◆ **DATASET CONTENT**
◆ ◆ ◆ ◆ ◆

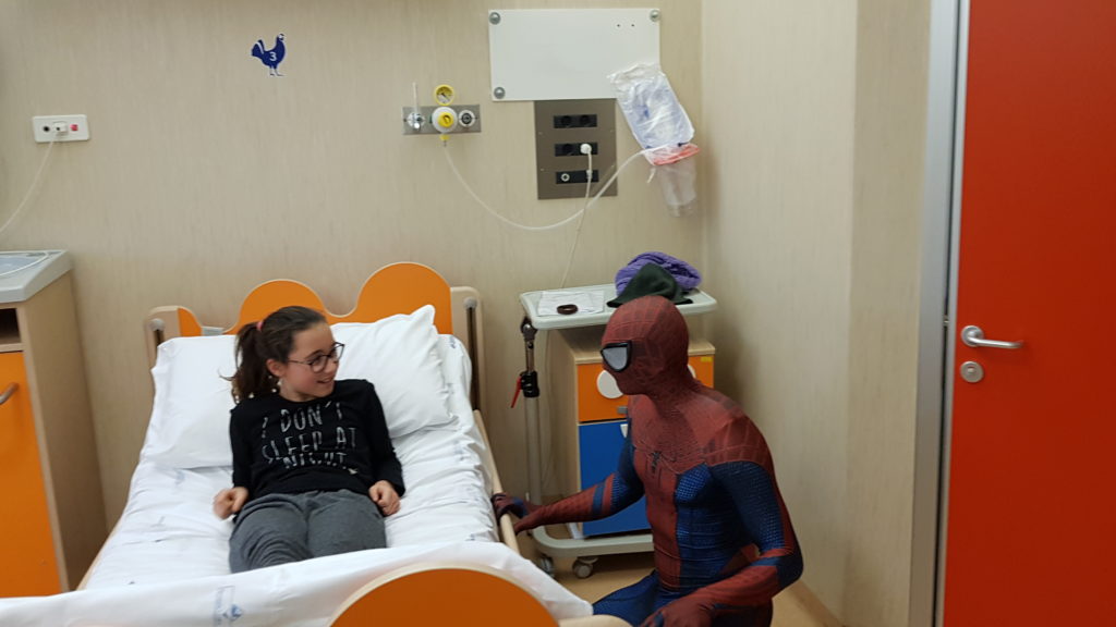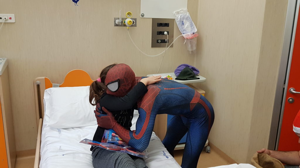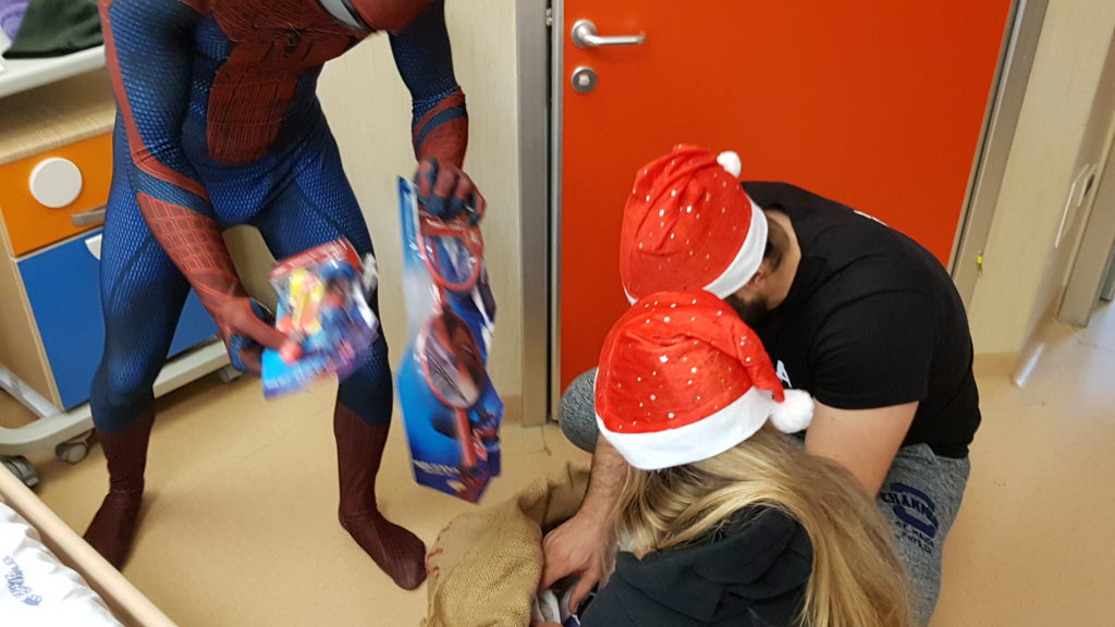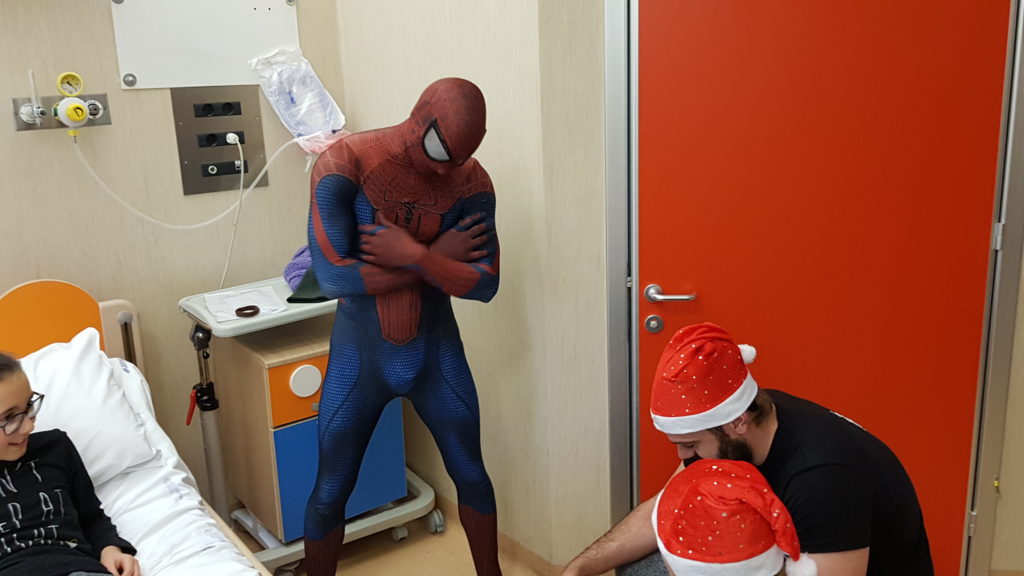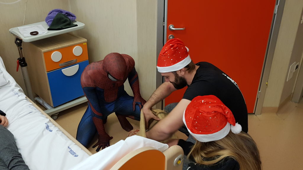 Questo che abbiamo descritto come quello che potrebbe essere un sogno per tanti piccoli pazienti costretti a passare questi giorni di festa all’interno dell’ospedale, è accaduto davvero lunedì 24 dicembre quando, intorno alle 12 Michele Silvestri del Ninja Cave-Zen Club di via Pera, insieme a tutti i suoi aiutanti tra cui lo storico Maurizio Silvestri e i più giovani Francesca Godani, Alice Mainardi, Stefania Cuozzo, Luca Muscas, Rachele Giovannini e alla presidentessa dello stesso Zen Club, Barbara Bassotti, ha deciso di realizzare i sogni di tanti bambini trasformandosi per un’ora in uno dei supereroi preferiti dai più giovani (e non solo): Spider-Man.
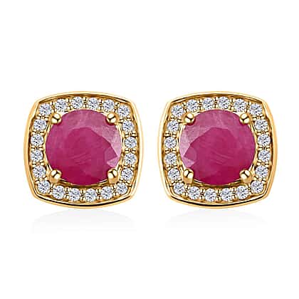 Appraised & Certified LUXORO 10K Yellow Gold AAA Mozambique Ruby, White Diamond I2 Halo Earring 2.15 Ct.
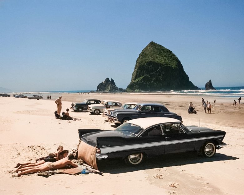 Автомобили на пляже Кэннон-Бич, побережье Орегона, 1960-е.

◆ ◆ ◆ ◆ ◆

◆ **ABOUT THIS TASK**
Leaving every picture aside, transcribe exactly the lines from the one that contains "Appraised & Certified" through the final line of the listing above, inclusive.

◆ **OUTPUT OF THE TASK**
 Appraised & Certified LUXORO 10K Yellow Gold AAA Mozambique Ruby, White Diamond I2 Halo Earring 2.15 Ct.
 Автомобили на пляже Кэннон-Бич, побережье Орегона, 1960-е.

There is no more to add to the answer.